Traditional Posnerian analysis asks: who can prevent harm most cheaply? The behavioral extension asks a prior question: who can prevent harm at all? When cognitive constraints make one party a non-avoider, the cost comparison becomes irrelevant. Allocating risk to a non-avoider produces pure deadweight loss regardless of relative prevention costs.
Trilogy Completion
Coase supplies the structural why: private ordering fails because coordination costs prevent efficient bargaining.
Becker supplies the behavioral what: once coordination fails, actors exploit systematically, not randomly.
Posner supplies the institutional where: liability flows to the only actor with prevention capacity.
Each analysis would be weaker without the others. Together, they form a predictive framework that the Chicago School itself never completed: efficiency analysis that accounts for behavioral incapacity, not merely behavioral deviation.
The question is no longer whether liability will shift upstream, but how quickly, through which mechanisms, and at what transition cost during the reallocation.
Methodology
Chicago School Accelerated operates as an integrated foresight methodology rather than as a collection of independent doctrinal lenses. The analysis generates predictions through comparative Cognitive Digital Twin (CDT) simulations benchmarked against a high-capacity institutional baseline. CDT simulations evaluate relative prevention capacity, incentive elasticity, coordination failure, and causal integrity across actors and systems.

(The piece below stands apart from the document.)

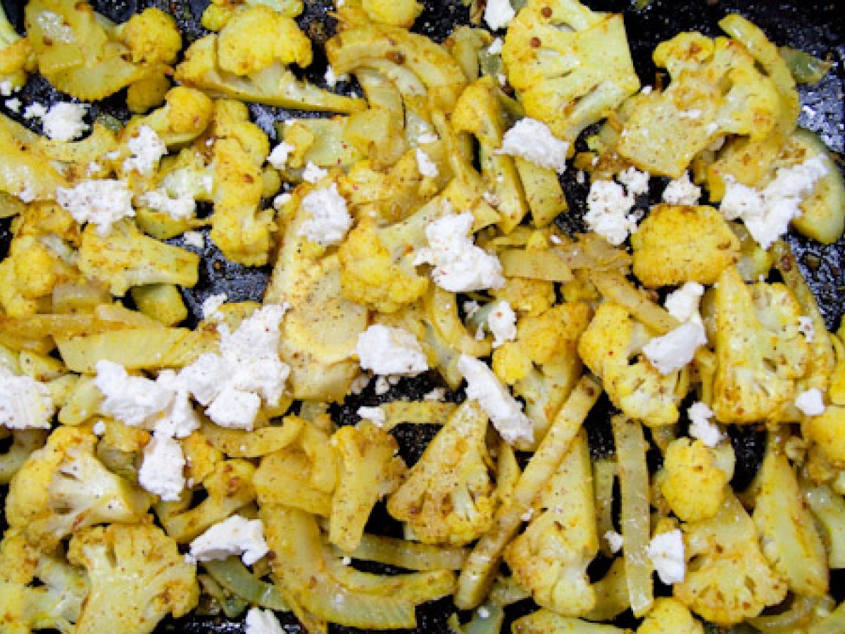 - Dismember den Blumenkohl und schneiden den Fenchel in Scheiben schneiden und in eine Schüssel geben.
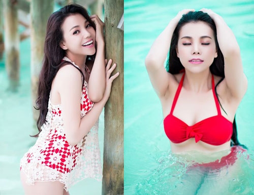 Hot girl Elly Trần, nữ ca sĩ Minh Hằng... khiến fan ngẩn ngơ khi khoe vẻ nóng bỏng với bikini đỏ.

The methodology operates as directional and comparative, not empirical in the statistical sense. Quantitative figures (including Hand formula inputs, delay indices, and behavioral failure rates) test robustness and directional invariance rather than claim precision. Where assumptions are required, the analysis applies conservative bounds and sensitivity checks to confirm that conclusions do not depend on narrow parameter choices.
Behavioral economics operates as a binding feasibility constraint. When evidence shows that downstream actors cannot adjust behavior ex ante, price-based or disclosure-based allocation rules are treated as infeasible regardless of nominal efficiency. Liability predictions therefore follow prevention capacity rather than formal role.
Predictions are time-bound and falsifiable. Each major conclusion implies observable institutional responses—pleading survival, insurance underwriting changes, contract redesign, and regulatory sequencing—that can confirm or falsify the framework over defined horizons.
Metrics Referenced
Several metrics appear in the body text to quantify behavioral, causal, and institutional dynamics. The following definitions provide reference for readers unfamiliar with CDT simulation terminology. All scores represent relative comparative strength, not empirical measurements.
CSI (Causal Sufficiency Index): Composite score evaluating whether a causal chain is load-bearing. CSI ≥ 0.70 indicates accepted causal link. Components include ALI (Action-Language Integrity), CMF (Cognitive-Motor Fidelity), and RIS (Response Integrity Score).
DPI (Delay Propagation Index): Measures how regulatory delay compounds harm. High DPI indicates bills weaken between introduction and enactment.
Coordination capacity: Measures ability of fragmented actors to align on shared standards. Scores below 0.60 indicate coordination failure without external focal point.
Focal-point integrity: Measures durability of coordination equilibria. Degraded scores indicate instability susceptible to peer-state precedent.
Behavioral drift: Measures pressure on actors to exit or adapt under regulatory change. Scores below 0.80 indicate adaptation is more likely than exit.
Velocity metrics (complaint, statutory, judicial): Measure relative speed of institutional response. Higher velocity indicates faster adaptation; the hierarchy reveals which mechanisms move first.
Methodological conclusion. Chicago School Accelerated prioritizes doctrinal clarity and predictive power. Detailed internal scoring frameworks beyond these referenced metrics are intentionally omitted from the main paper to preserve legal legibility and avoid false precision.